# Greetings, Fellow Writers!



## (A²M) AsquareM™ (Nov 6, 2015)

Another new writer here, Hi!

So, I'm basically a person who has a strong imagination power but weak willpower, and many a projects have been abandoned by me because I just got bored of doing them.
Even my dreams are in the form of cinematic shots and contain awesome stories.
Maybe sometime in the future I'll find enough time, sit down and just print a master piece on those blank papers waiting to withhold something great... maybe..

My favorite genres are sci-fi, mystery, horror, thrillers and especially humour, but I seriously don't like adult content. I'm also what the internet calls "Grammar Nazis", because I really emphasize the use of proper English.

Anyways, I hope I can blend in in this community of all you awesome guys!
Au revoir!


----------



## Rabber (Nov 6, 2015)

Welcome to WF! 

Your status as a Grammar Nazi could be useful when providing critiques. Some of us here are trying to improve ourselves in that area. There are monthly challenges in which you can participate. Once you comment 10 times on works of members, you will get full membership privileges to post your own work for critique and have access to the workshops. You can also come down to the Living Areas forums and interact with other members. 

Start exploring the site, commenting and enjoy.

Brian


----------



## 20oz (Nov 6, 2015)

Well come. I hope u enjoy Righting Forums. Were goin' be great best buddys.


----------



## jenthepen (Nov 6, 2015)

Welcome, AsquareM. If you get bored that fast maybe you should try some flash fiction. One way or another you should get those stories down.

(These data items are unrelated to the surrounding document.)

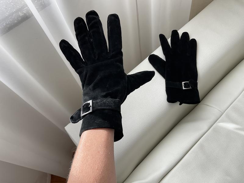Бархатная замша, утеплены флисом. Идеальное состояние, минимальные следы использования можно заметить, сильно присмотревшись, по пальцам на ладони. Нужно пройтись щеткой для замши или отпарить. Указан M размер. Длина-24.5см., Ширина-10см.
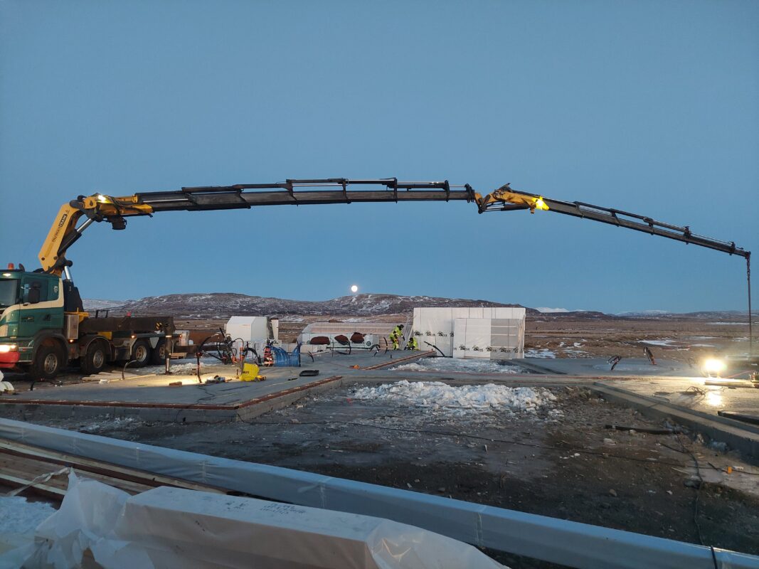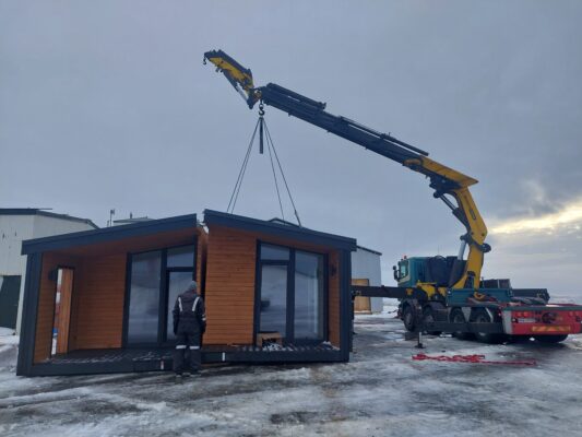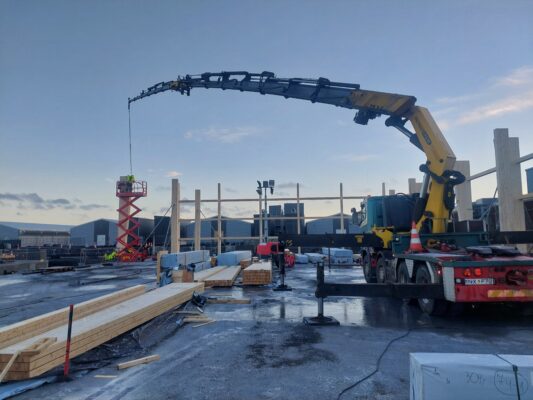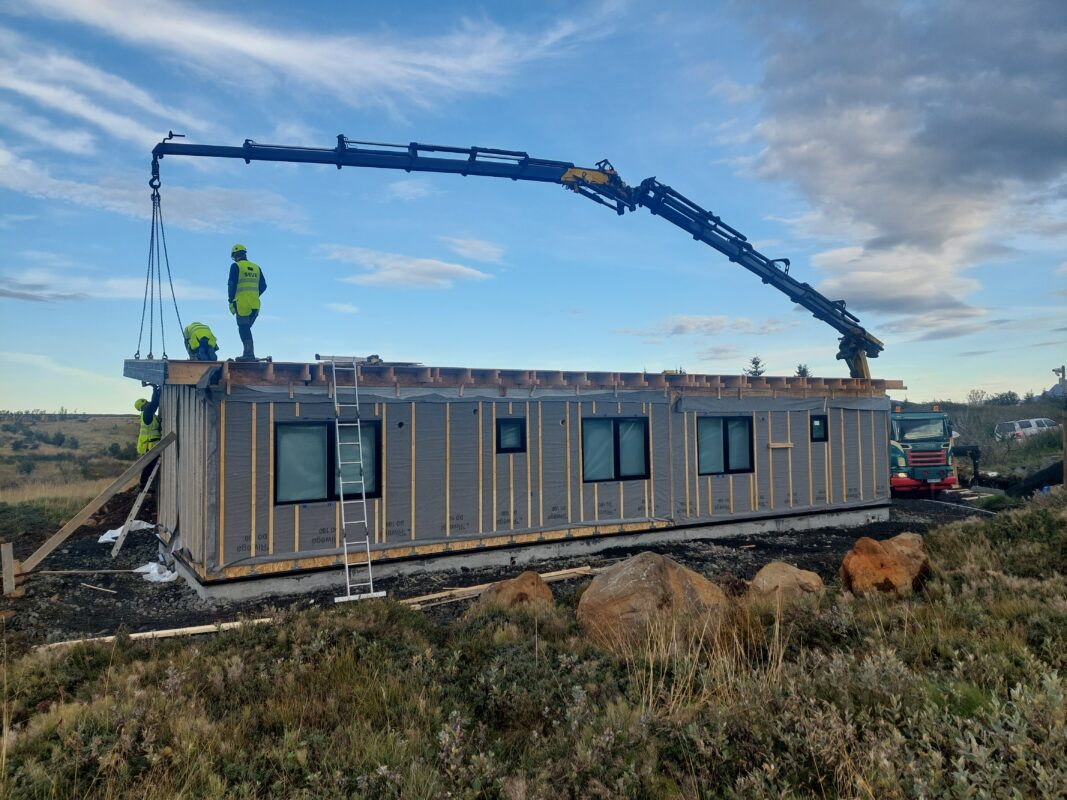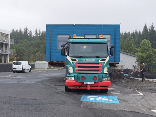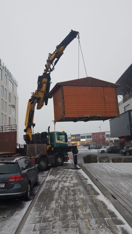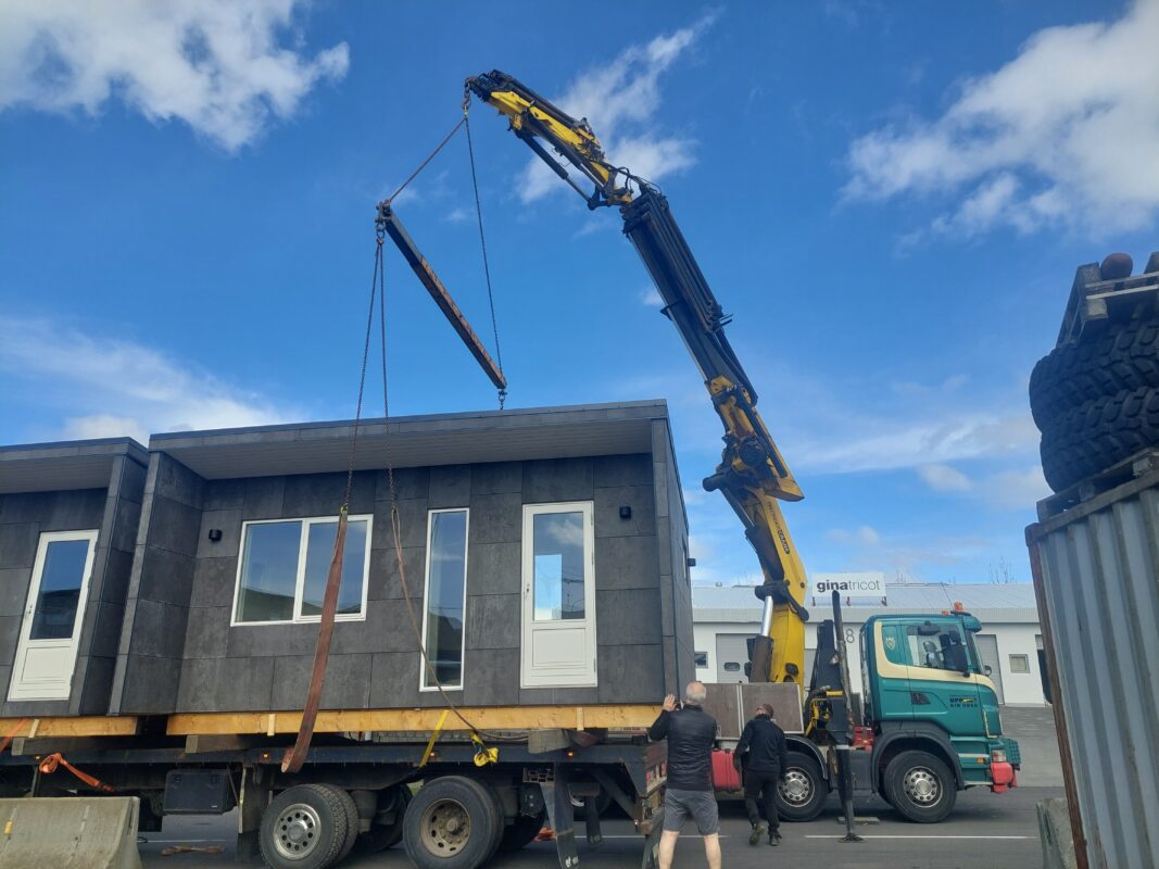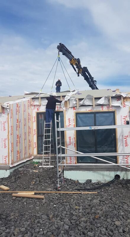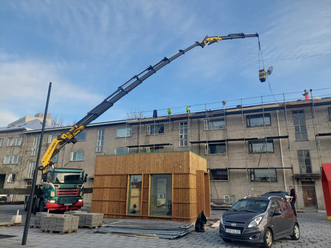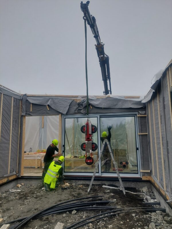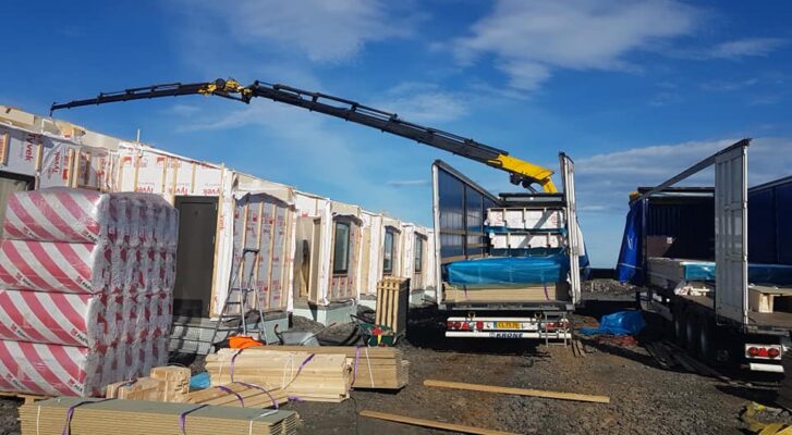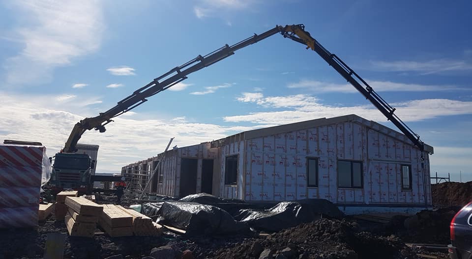 Hérna erum við að setja upp raðhús, sumarhús og límtrésskemmur.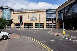 A later application was accepted, although now without a multiplex cinema. The listed building was moved brick-by-brick to the other side of Falcon Square, and now hosts Pizza Express and Laura Ashley.[6] Building work started in 2001 and was opened in 2003. This new development included two bridge walkways connecting the new phase with the existing shopping centre, complete with Debenhams as the anchor store, and a new food court.[7] The expansion of Eastgate and the construction of the Falcon Mall was deemed one of 'the most impressive planning projects in Scotland in recent years' and was the overall winner of the Scottish Awards for Quality in Planning 2003.[8]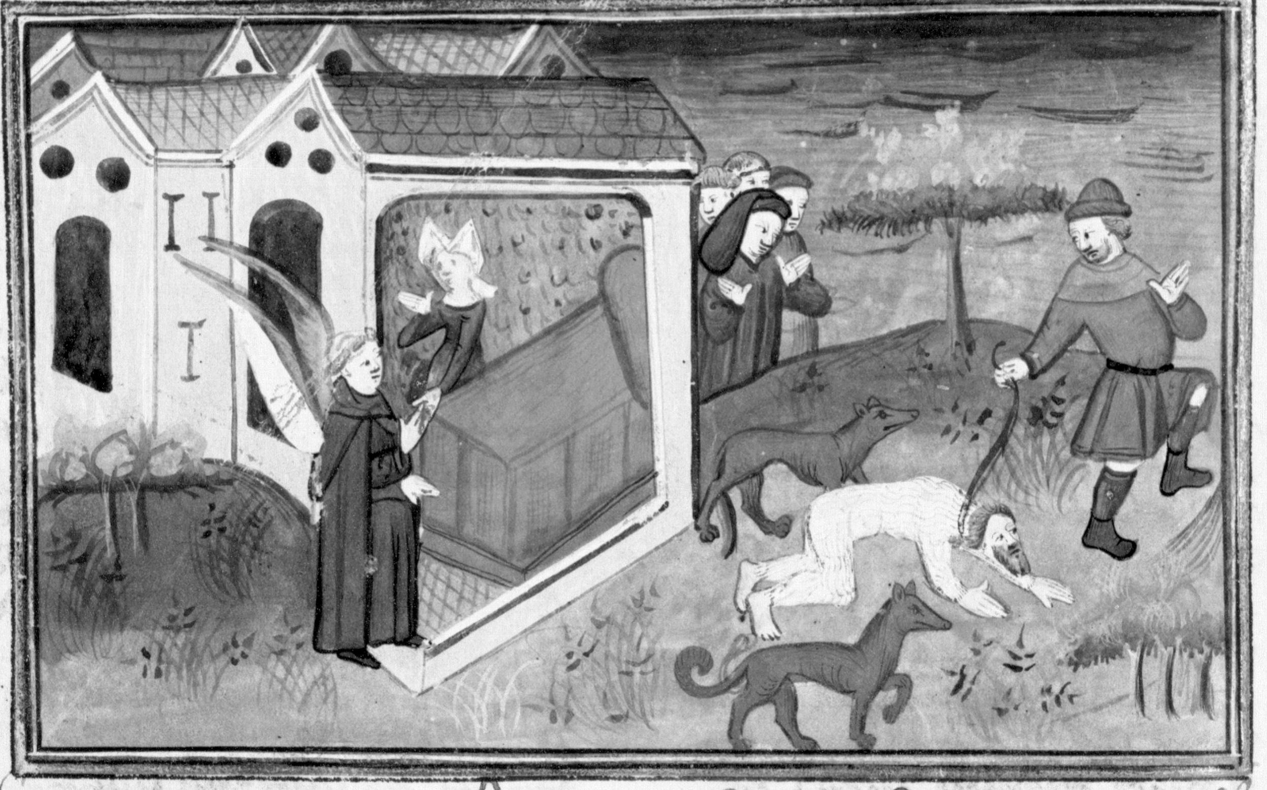 Parigi, Bibliothèque Nationale de France, Fr. 12421, f. 174v. rate Alberto, travestito da angelo Gabriele, visita madonna Lisetta; Alberto, vestito da uomo selvatico, viene trascinato per strada con dei cani e vituperato dalla folla.

Do you ever write any poetry?

jen.


----------



## InnerFlame00 (Nov 7, 2015)

Yay, a grammar natzi! We can always use another one of those ;D. It really is a tricky business reigning in the creativity but this is a good place to help start that process. My advice would be to start dabbling in short stories as a beginning since you can finish something before you get bored - and then work your way up to larger projects.


----------



## Firemajic (Nov 7, 2015)

Welcome to WF! Hope to see you around...


----------



## escorial (Nov 7, 2015)




----------



## Hairball (Nov 10, 2015)

Nice to see you!


----------



## (A²M) AsquareM™ (Nov 11, 2015)

Thank you sooo much


----------



## (A²M) AsquareM™ (Nov 11, 2015)

Rabber said:


> Welcome to WF!
> 
> Your status as a Grammar Nazi could be useful when providing critiques.





InnerFlame00 said:


> Yay, a Grammar *Nazi not Nazti!* (sorry jk) We can always use another one of those ;D. It really is a tricky business reigning in the creativity but this is a good place to help start that process. My advice would be to start dabbling in short stories as a beginning since you can finish something before you get bored - and then work your way up to larger projects.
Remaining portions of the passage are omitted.